Machine Learning with Guild AI

31 Dec 2019

Since I’ve been writing on the topic of workflows and tooling, I thought I’d give one of my favourite packages, Guild AI, a shout-out, and well-deserved exposure.

Guild AI is designed for managing machine learning experiments. It provides ways to track experiment runs, make runs reproducible, and compare runs with different hyperparameters, all in ways that are non-intrusive. Those who know me know I care a lot about my tools, and this is one of those tools that really spark joy. It’s no surprise that the author of this package, Garrett Smith, comes from a systems engineering background. Garrett is also highly responsive on Slack and the community site, actively listening to the users, and provides support.

The Competition

While there is no shortage of machine learning tooling, Guild AI takes a minimal and un-intrusive approach towards instrumenting the training scripts. Take Sacred for example. It requires instrumenting the Python training script with decorators:

from sacred import Experiment
ex = Experiment('iris_rbf_svm')

def cfg():
  C = 1.0
  gamma = 0.7

def run(C, gamma):
  iris = datasets.load_iris()
  # ...

Scalar logging for Sacred is also a custom module within Sacred, and visualizing these scalars is done through custom frontends like Omniboard.

Guild AI cleanly uses default Python functionality, allowing one to get started without any modification to training scripts. This also makes Guild a nice, non-committal choice. I use command-line arguments from argparse as configuration flags.
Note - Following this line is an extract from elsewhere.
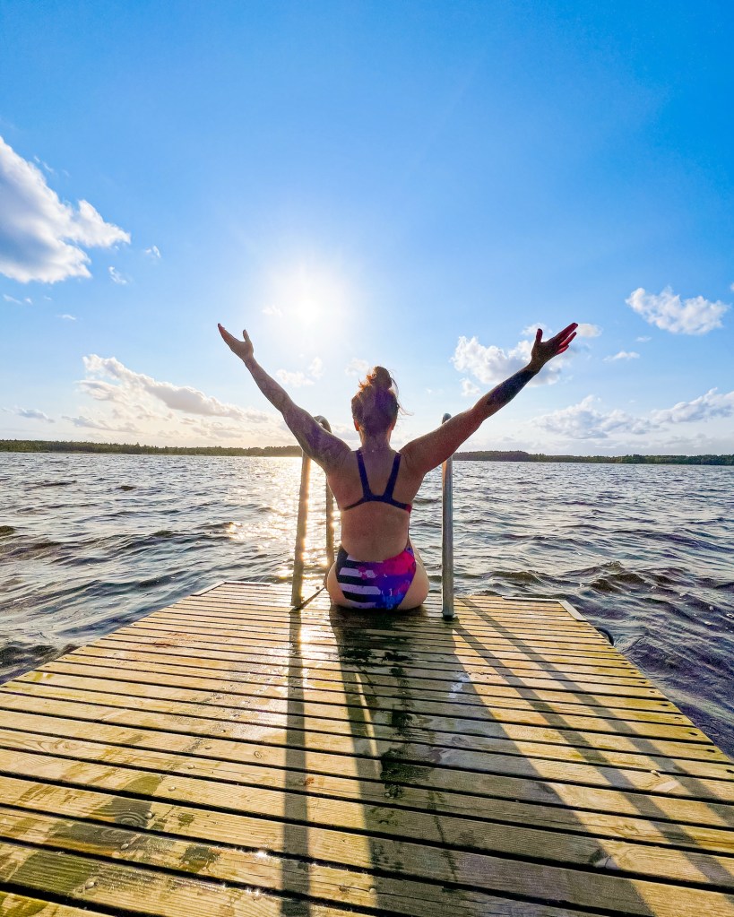 Jag passar på att bada mycket. Skönt för själen och för lymfsystemet. Går barfota i gräset och tar mej tid att andas lugnt. Och framförallt så skippar jag alla krav och måsten!

Guild AI also has first-class support for TensorBoard, which is a popular and powerful choice.

Experiment Tracking with Guild AI

Each run of the training script is tracked, by running them through the intuitive guild CLI. The run processes are tracked by Guild.

Figure 1: guild runs shows experiments I’ve run

Figure 1: guild runs shows experiments I’ve run

Guild even ships with a beautiful web interface that allows you to view run files (model checkpoints, logs etc.), accessible via guild view.

Comparing Runs

I use guild tensorboard -C to load TensorBoard for all my completed runs (-C).
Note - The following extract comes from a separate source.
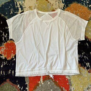 Designed with strategically placed mesh panels in high sweat areas, the Final Count Tee will take you through all of your sweaty sessions. Stretch fabric; tie to cinch at the hem. Oversized fit layers easily and give you room to breathe. Color is White; no size tag/dot, but measures like a 4 and could fit larger -- it is designed to have a very relaxed fit.

jethro@server1-CLeAR: ~/projects/snnrl$ guild tensorboard -C
Preparing runs for TensorBoard
TensorBoard 2.1.0 at http://server1-CLeAR:52675 (Press CTRL+C to quit)
Figure 2: TensorBoard scalars across multiple runs

Figure 2: TensorBoard scalars across multiple runs

It even supports the TensorFlow HParam view, which is designed for comparing runs with differing hyperparameters.

Guild AI supports a SQL-like filtering interface to allow the user to choose which runs to load and compare.

Guild AI supports multiple methods for hyperparameter search:

  1. Grid search
  2. Random search
  3. Bayesian Optimization

This can be specified easily via the CLI:

guild run x=[-0.5,-0.4,-0.3,-0.2,-0.1]

Hyperparameter search and reproducibility is especially important in Reinforcement Learning, and Guild has made this extremely simple.


Since I’m using Guild AI within a research project, I’m not using these features. But Guild AI supports packaging, allowing for model collaboration, sharing and reuse.


I’m pleased with Guild AI as is, and the author is actively working on bringing improvements to the tool. I highly recommend machine learning practitioners to give it a whirl.